Ruth, antiga editora-chefe do Gourmet Maganize e critica de restaurante para o New York Times e Los Angeles Times, diz que temos uma crise fud… ohhh… desculpe. Food crisis quer dizer, uma crise de alimentos. ( I don’t não sei porque me meto a traduzir! Olhe como escrevi ” magazine” ai atras… e voce passou batido hein?… Te peguei nesssa, cara…Bahhh)

But it’s not the crisis that most people are aware of. The specter of overpopulation has convinced many that the only way to feed large, undernourished populations is by growing more food — a lot more food.

Mas nao e’ a crise que a maioria das pessoas esta pensando. O espectro da superpopulacao tem convencido muitos que a unica maneira de alimentar grandes e famintas populacoes e’ produzindo mais alimentos – uma grande quantidade de mais alimentos.

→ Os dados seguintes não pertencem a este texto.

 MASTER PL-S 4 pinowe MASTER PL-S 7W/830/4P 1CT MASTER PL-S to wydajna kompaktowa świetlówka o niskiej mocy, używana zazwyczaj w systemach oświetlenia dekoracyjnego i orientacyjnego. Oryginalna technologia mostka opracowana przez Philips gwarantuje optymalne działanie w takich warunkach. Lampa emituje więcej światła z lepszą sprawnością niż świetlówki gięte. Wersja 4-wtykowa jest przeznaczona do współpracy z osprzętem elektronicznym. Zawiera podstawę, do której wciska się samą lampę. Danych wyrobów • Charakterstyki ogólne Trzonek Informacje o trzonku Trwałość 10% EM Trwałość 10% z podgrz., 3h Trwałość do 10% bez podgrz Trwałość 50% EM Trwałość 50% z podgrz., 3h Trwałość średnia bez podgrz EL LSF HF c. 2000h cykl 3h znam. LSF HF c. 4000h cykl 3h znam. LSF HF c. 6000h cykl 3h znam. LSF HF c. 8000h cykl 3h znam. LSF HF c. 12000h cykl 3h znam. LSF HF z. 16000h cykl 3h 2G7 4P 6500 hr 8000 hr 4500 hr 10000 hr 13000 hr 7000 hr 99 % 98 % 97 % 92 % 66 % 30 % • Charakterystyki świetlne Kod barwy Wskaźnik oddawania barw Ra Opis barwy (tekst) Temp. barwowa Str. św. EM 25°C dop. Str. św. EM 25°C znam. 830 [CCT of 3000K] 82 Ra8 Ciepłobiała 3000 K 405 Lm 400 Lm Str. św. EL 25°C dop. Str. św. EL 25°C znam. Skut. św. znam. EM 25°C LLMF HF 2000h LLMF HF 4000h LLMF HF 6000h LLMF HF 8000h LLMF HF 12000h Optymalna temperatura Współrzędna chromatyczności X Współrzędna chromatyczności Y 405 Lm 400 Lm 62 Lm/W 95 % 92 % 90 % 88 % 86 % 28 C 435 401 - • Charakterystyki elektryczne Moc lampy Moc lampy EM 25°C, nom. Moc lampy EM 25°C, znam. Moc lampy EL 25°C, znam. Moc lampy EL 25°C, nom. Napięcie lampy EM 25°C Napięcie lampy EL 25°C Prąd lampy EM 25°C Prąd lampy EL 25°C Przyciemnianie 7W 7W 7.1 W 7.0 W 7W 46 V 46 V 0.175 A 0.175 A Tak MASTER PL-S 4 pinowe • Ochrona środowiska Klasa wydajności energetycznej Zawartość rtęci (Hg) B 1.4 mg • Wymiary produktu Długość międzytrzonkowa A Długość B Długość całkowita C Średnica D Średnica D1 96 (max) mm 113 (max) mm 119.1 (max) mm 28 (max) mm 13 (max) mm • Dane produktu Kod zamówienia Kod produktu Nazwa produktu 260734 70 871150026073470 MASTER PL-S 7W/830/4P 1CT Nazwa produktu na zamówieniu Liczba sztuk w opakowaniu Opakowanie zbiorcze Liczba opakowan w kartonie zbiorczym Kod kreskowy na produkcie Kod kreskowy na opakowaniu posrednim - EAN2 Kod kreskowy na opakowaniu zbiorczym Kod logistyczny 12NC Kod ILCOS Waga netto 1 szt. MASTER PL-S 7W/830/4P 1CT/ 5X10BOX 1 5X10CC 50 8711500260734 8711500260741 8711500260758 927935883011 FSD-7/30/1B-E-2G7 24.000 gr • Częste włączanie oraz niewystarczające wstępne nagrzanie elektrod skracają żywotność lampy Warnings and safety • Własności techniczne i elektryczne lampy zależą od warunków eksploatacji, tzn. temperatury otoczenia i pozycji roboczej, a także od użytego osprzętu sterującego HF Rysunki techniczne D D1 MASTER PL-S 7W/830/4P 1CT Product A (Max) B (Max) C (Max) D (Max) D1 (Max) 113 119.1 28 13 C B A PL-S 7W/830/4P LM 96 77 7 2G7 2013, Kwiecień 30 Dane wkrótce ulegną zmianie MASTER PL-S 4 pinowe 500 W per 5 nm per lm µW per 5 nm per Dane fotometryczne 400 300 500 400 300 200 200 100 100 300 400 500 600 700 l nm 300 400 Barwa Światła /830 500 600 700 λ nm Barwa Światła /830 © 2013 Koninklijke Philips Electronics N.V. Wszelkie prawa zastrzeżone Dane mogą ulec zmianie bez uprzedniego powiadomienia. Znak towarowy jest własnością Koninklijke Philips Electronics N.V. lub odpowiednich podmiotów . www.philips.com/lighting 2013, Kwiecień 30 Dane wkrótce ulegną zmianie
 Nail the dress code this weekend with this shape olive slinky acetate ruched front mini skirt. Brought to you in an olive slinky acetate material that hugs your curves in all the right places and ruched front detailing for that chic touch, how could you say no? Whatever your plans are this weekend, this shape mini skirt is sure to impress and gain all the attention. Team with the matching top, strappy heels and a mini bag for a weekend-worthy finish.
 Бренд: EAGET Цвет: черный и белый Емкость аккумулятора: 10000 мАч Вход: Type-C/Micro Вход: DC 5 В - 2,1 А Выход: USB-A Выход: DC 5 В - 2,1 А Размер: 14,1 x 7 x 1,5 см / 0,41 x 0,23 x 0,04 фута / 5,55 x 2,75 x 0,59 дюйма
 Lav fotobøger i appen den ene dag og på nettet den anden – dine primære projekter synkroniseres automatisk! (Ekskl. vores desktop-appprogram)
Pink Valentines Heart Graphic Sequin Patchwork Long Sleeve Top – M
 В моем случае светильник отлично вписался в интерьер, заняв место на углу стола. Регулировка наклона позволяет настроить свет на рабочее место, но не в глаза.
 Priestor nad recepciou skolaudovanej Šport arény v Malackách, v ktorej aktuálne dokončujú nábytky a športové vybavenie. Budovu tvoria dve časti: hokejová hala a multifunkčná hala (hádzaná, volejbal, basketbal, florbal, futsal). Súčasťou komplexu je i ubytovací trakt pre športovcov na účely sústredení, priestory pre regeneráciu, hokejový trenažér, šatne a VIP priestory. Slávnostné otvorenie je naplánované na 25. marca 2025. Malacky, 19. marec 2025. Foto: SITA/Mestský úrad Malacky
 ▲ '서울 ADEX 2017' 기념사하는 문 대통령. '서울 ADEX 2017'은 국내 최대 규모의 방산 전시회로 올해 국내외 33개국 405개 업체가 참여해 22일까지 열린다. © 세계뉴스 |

( Retornar para concluir traducao. Tenho que parar agora porque o bule de cafe ta’ apitando na cozinha )

But that view ignores the fact that, for example, 70 percent of all apples grown in Mexico last year were thrown out, completely wasted. She explores other myths such as the belief that factory farms are more efficient that small, family-run farms. Finally she presents a new approach to solving our global food crisis. Reichl is the author of My Kitchen Year: 136 Recipes That Saved My Life, which came out in September 2015.